Copy the listing below in full and skip every picture.

### Data segment
┌────────
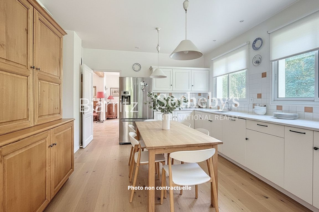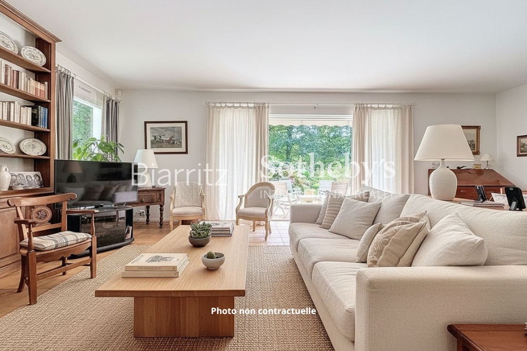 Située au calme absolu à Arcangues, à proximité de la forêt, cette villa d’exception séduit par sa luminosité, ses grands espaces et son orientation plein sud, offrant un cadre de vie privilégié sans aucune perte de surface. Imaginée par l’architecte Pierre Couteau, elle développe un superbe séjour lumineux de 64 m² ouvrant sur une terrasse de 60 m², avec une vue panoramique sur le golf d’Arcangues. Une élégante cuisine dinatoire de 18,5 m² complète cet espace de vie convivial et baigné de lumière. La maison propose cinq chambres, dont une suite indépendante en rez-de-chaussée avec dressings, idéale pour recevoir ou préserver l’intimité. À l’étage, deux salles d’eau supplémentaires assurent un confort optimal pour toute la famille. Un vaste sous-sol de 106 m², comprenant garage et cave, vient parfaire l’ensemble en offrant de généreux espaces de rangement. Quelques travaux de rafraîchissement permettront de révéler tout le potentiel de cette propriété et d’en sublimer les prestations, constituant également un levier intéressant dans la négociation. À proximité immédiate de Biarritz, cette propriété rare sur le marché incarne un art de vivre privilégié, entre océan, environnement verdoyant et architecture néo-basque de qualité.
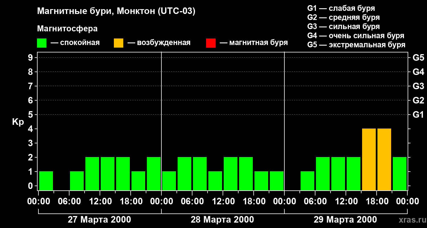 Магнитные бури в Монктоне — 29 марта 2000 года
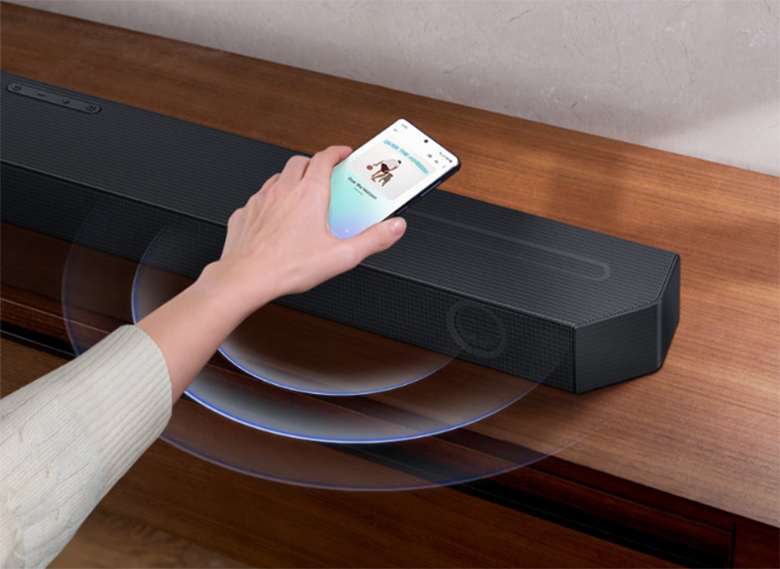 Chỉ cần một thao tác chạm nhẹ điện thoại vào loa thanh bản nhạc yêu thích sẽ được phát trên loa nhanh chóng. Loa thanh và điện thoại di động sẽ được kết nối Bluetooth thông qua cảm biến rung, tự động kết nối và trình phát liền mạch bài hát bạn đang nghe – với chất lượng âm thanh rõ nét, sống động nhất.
└────────
### Response to this exercise
 Située au calme absolu à Arcangues, à proximité de la forêt, cette villa d’exception séduit par sa luminosité, ses grands espaces et son orientation plein sud, offrant un cadre de vie privilégié sans aucune perte de surface. Imaginée par l’architecte Pierre Couteau, elle développe un superbe séjour lumineux de 64 m² ouvrant sur une terrasse de 60 m², avec une vue panoramique sur le golf d’Arcangues. Une élégante cuisine dinatoire de 18,5 m² complète cet espace de vie convivial et baigné de lumière. La maison propose cinq chambres, dont une suite indépendante en rez-de-chaussée avec dressings, idéale pour recevoir ou préserver l’intimité. À l’étage, deux salles d’eau supplémentaires assurent un confort optimal pour toute la famille. Un vaste sous-sol de 106 m², comprenant garage et cave, vient parfaire l’ensemble en offrant de généreux espaces de rangement. Quelques travaux de rafraîchissement permettront de révéler tout le potentiel de cette propriété et d’en sublimer les prestations, constituant également un levier intéressant dans la négociation. À proximité immédiate de Biarritz, cette propriété rare sur le marché incarne un art de vivre privilégié, entre océan, environnement verdoyant et architecture néo-basque de qualité.
 Магнитные бури в Монктоне — 29 марта 2000 года
 Chỉ cần một thao tác chạm nhẹ điện thoại vào loa thanh bản nhạc yêu thích sẽ được phát trên loa nhanh chóng. Loa thanh và điện thoại di động sẽ được kết nối Bluetooth thông qua cảm biến rung, tự động kết nối và trình phát liền mạch bài hát bạn đang nghe – với chất lượng âm thanh rõ nét, sống động nhất.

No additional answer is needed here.